I would like to see numbers for counting solution
As I said ... I'll prepare benachmarks :-)
We are responsible to put the socket back to normal processing, and handle the incoming SSL-Handshake, when the CPU usage allows it
Right, but what if you only got a small portion of the needed data, say 1 byte? Or what if finishing the handshake requires writing then reading more?
Does it go back to timeout even in those cases?
Yes of course, maybe this was a small misunderstanding. Just have a look at the code:
The "lifetime" of the low-priority-queue ist just from the "LIBUS_SOCKET_READABLE" event ...
https://github.com/uNetworking/uSockets/pull/97/files#diff-3ca823489e2803bdd90f0774bbdd0c09R267
... until we have time/budget to handle this one "LIBUS_SOCKET_READABLE"-event ...
https://github.com/uNetworking/uSockets/pull/97/files#diff-3ca823489e2803bdd90f0774bbdd0c09R118
... and is removed from the low-priority-queue immediately before we handle it (and maybe reinserted on the next "LIBUS_SOCKET_READABLE"-event ...). It is NOT in the low-priority-queue the whole handshake. So the change is as unintrusive as possible.
The idea was "in case of overload, just tell epoll() to not inform us about the readability for now" ... and to not forget to tell epoll() when we are interested in the readability again, we need the low-priority-queue. And this happens in us_internal_handle_low_priority_sockets() which is now called from us_internal_loop_pre() on every event loop.
@alexhultman Okay, I did some more detailled benchmarking now - Setup:
I used your "examples/HelloWorld.cpp" from uWebSockets (with a proper self signed cert) (commit c7506a0)
Building: WITH_OPENSSL=1 make examples
ulimit -n 20000
./HelloWorld
I used "wrk" for benchmarking:
ulimit -n 20000
wrk -c 10000 https://localhost:3000/hello
So we have up to 10000 parallel incoming SSL connections.
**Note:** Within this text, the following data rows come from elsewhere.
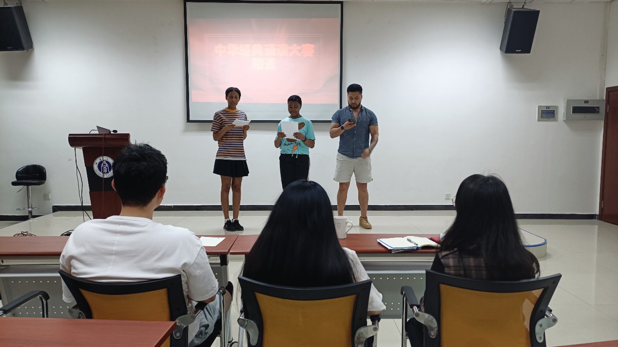 评委老师冯雪、刘妍芩,汉硕生周齐从语音标准度、朗诵技巧及能力、舞台表现力等几个方面,对个人和团体选手的水平进行了综合考查。此次选拔赛胜出的优秀选手将接受专业教师的集训辅导,并最终代表公司参加由重庆市教育委员会、重庆市语言文字工作委员会举办的“重庆市第八届中华经典诵读大赛”,期待公司国际学子在大赛中创造佳绩。
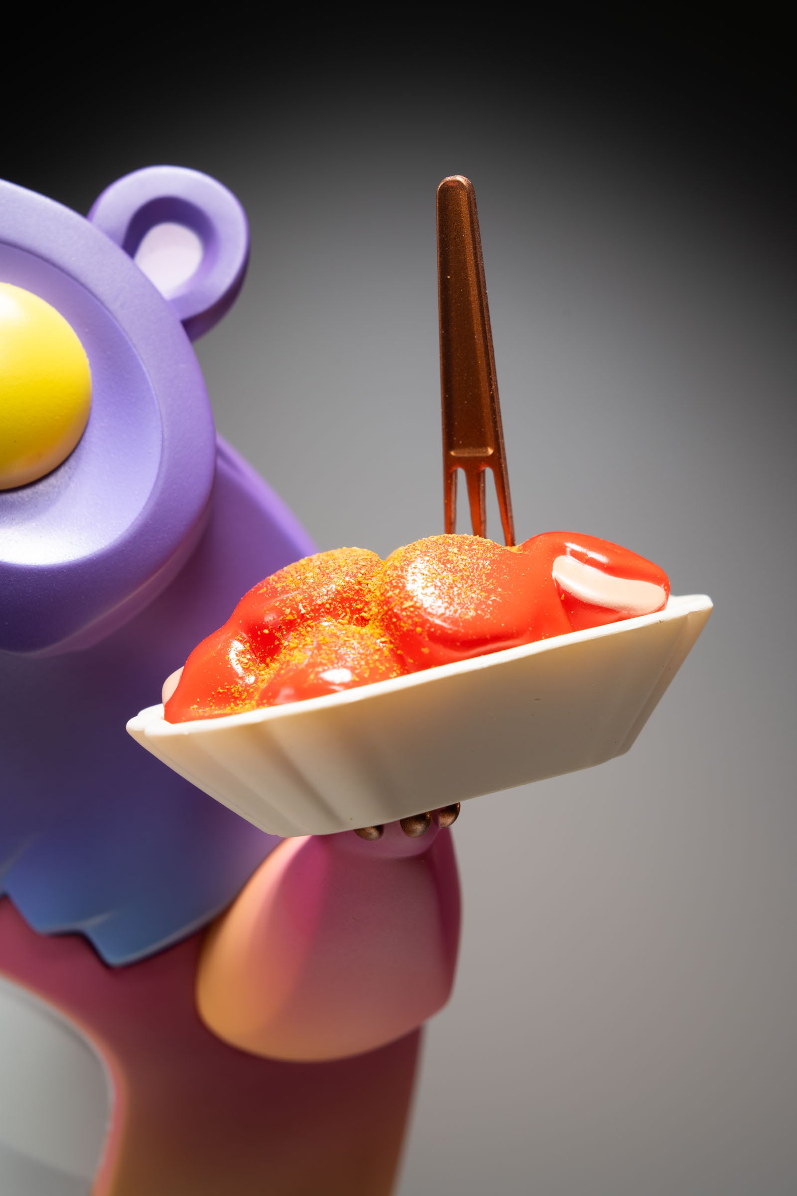 When Bärlicious eats, he dives right in. Bathing in Berlin's signature curry sausage with a dash of classic curry powder, Bärlicious loves the food that makes him happy.
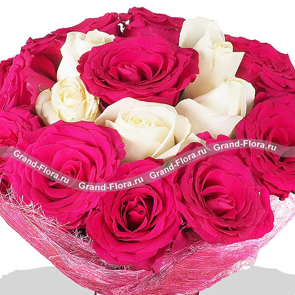 ДЕЛЮКС: роза розовая - 14 шт., роза белая - 11 шт., сизаль розовый, бант розовый. Примерный размер: 45Х45 см.

Note that the benchmark is even without libuv, so we even do not have the "48x"-problem here (see https://github.com/uNetworking/uSockets/issues/96#issuecomment-615596193).
Benchmark results (both on the same machine):
Full result (current master):
$ ./wrk -c 10000 https://localhost:3000/hello
Running 10s test @ https://localhost:3000/hello
2 threads and 10000 connections
Thread Stats Avg Stdev Max +/- Stdev
Latency 359.60ms 311.63ms 1.91s 86.49%
Req/Sec 37.92 60.74 271.00 90.00%
359 requests in 10.05s, 23.84KB read
Socket errors: connect 748, read 133, write 0, timeout 26
Requests/sec: 35.70
Transfer/sec: 2.37KB
Full result (current master with low-priority-queue patch):
$ ./wrk -c 10000 https://localhost:3000/hello
Running 10s test @ https://localhost:3000/hello
2 threads and 10000 connections
Thread Stats Avg Stdev Max +/- Stdev
Latency 57.13ms 17.17ms 206.04ms 94.08%
Req/Sec 4.57k 2.20k 9.14k 62.42%
81793 requests in 10.08s, 5.30MB read
Requests/sec: 8117.43
Transfer/sec: 539.05KB
While upgrading from uWebSockets 0.14, I did a benchmark with 5000 concurrent SSL (WebSocket) connections (all opened in parallel!) and noticed much (!) higher CPU usage compared to 0.14. The process was even stuck at 100% CPU for minutes instead of seconds (but the event-loop was still responsive). Without SSL it performs very well.
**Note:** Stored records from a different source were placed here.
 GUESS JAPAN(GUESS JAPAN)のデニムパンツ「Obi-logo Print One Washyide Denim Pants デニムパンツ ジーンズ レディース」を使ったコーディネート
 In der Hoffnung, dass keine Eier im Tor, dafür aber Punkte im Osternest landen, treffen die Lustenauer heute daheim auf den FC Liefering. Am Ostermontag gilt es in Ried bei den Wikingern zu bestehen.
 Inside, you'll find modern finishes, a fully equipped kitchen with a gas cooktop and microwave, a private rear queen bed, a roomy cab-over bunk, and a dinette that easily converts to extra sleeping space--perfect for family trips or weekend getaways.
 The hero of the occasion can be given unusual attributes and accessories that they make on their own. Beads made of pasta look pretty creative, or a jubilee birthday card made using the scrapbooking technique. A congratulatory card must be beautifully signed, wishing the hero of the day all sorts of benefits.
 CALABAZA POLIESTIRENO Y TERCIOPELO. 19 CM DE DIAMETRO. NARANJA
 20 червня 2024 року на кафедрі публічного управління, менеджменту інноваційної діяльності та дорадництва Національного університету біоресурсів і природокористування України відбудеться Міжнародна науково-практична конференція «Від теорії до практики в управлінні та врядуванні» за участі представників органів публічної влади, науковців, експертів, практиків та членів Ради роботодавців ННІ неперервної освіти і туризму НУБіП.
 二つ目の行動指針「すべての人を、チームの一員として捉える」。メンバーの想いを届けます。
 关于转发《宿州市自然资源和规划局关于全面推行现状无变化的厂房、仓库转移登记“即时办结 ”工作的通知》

While researching I found the
MAX_HANDSHAKES_PER_LOOP_ITERATION
in src/crypto/openssl.c and the idea behind (which is nice).But Valgrind benchmarking shows that in my case
ssl_ignore_data()
was called 3323616 times, andssl_on_data()
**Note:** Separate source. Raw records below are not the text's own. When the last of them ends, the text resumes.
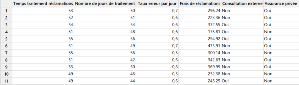 La mesure de production qui nous intéresse est le temps écoulé en jours entre l'initiation et le paiement des réclamations de soins de santé. D'autres facteurs interviennent, comme la charge de travail liée aux réclamations traitées par personne et par jour, le taux d'erreur quotidien (informations manquantes, valeurs incorrectes, etc.) et les frais de transformation. Les champs de données indiquent si la réclamation a impliqué une assurance privée et si la procédure a été considérée comme une consultation externe.
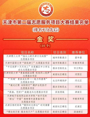 本届大赛共设置金奖10项、银奖30项、铜奖60项,100个入围项目聚焦服务百姓民生、建设美丽社区、保障安全稳定、保护生态环境、引导交通秩序、展示城市形象等关键领域,全面展现了天津市志愿服务的专业水准与创新活力。
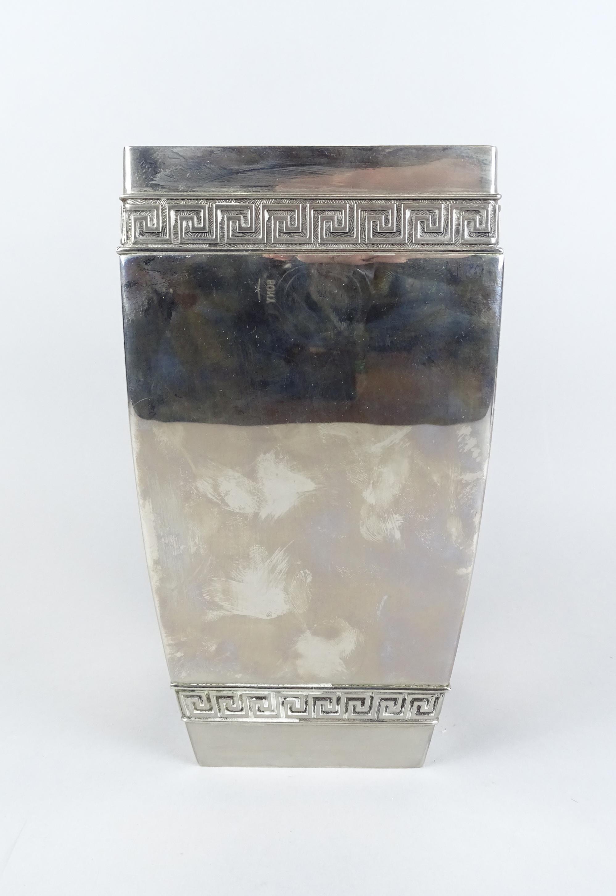 Argenterie: Vase en métal argenté frise à la Grecque H:24x13x13cm
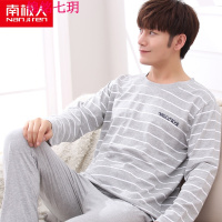 浪莎睡衣男士春秋款纯棉长袖可外穿男款四季休闲条纹加大码家居服
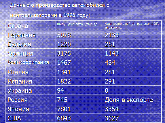 А теперь ребята, давайте подведём итоги. Вы показали презентации по основным направлениям развития и совершенствования автотранспорта, решали проблему создания экологически чистого автомобиля, сделали много полезных выводов и рекомендаций. В заключении я прошу сделать выводы о перспективах развития и появления экологически чистого автомобиля. От каждой группы принимается устный ответ и оценивается.
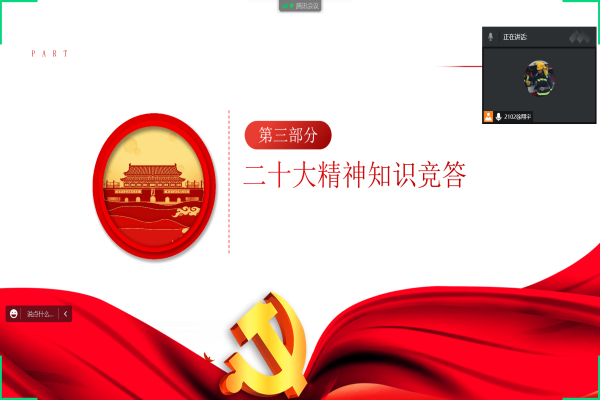 活动伊始,徐翔宇向同学们介绍了“党的二十大主题”、“中国式现代化”等党的二十大重要论述。学习贯彻党的二十大精神,学习党高举中国特色社会主义伟大旗帜,全面贯彻习近平新时代中国特色社会主义思想,弘扬伟大建党精神,自信自强、守正创新,踔厉奋发、勇毅前行,为全面建设社会主义现代化国家、全面推进中华民族伟大复兴而团结奋斗的精神。活动期间还进行了二十大精神知识竞答,同学们踊跃发言。
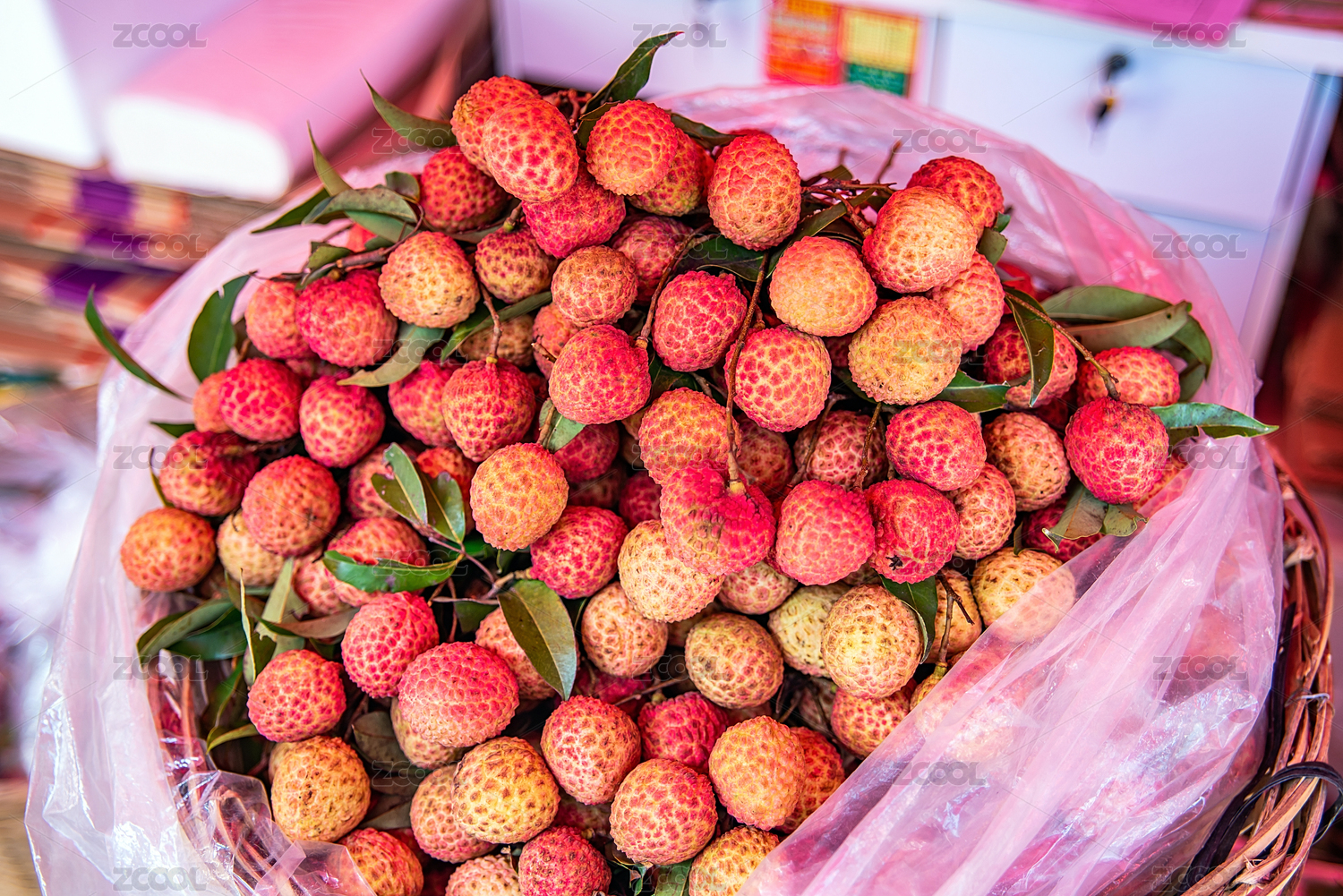 一籮筐新鮮荔枝
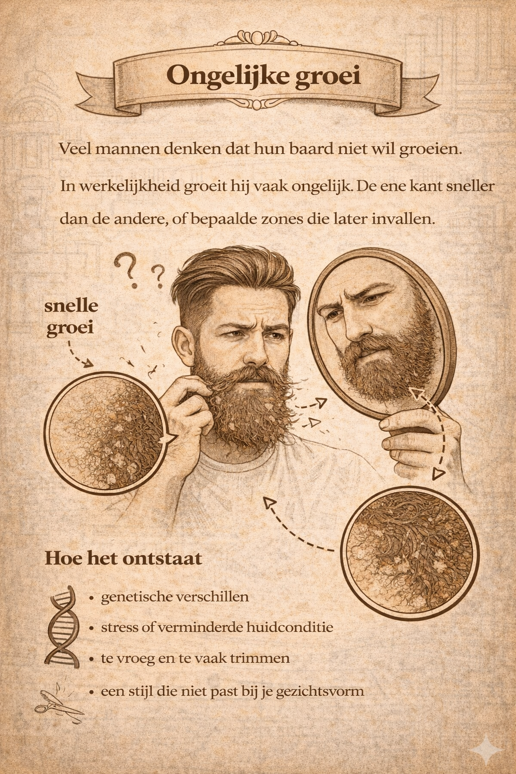 Wanneer je baard ongelijk groeit, lijkt het soms alsof hij nooit echt vol zal worden. Sommige plekken lopen achter en andere gaan sneller. Dat kan frustrerend zijn, zeker in de eerste maanden.

only 747 times (I didn't wait for all 5000 connections).It seems a lot of time is wasted, iterating the event-loop and the ready handles over and over, just for ignoring most of the new connections in the queue.
When disabling this feature (I just set
MAX_HANDSHAKES_PER_LOOP_ITERATION
to 5000), it performs well (comparable to 0.14).I currently don't have an idea, how the throttling of new connections could be implemented more performant - but currently it seems to be worse than without throttling under very high loads.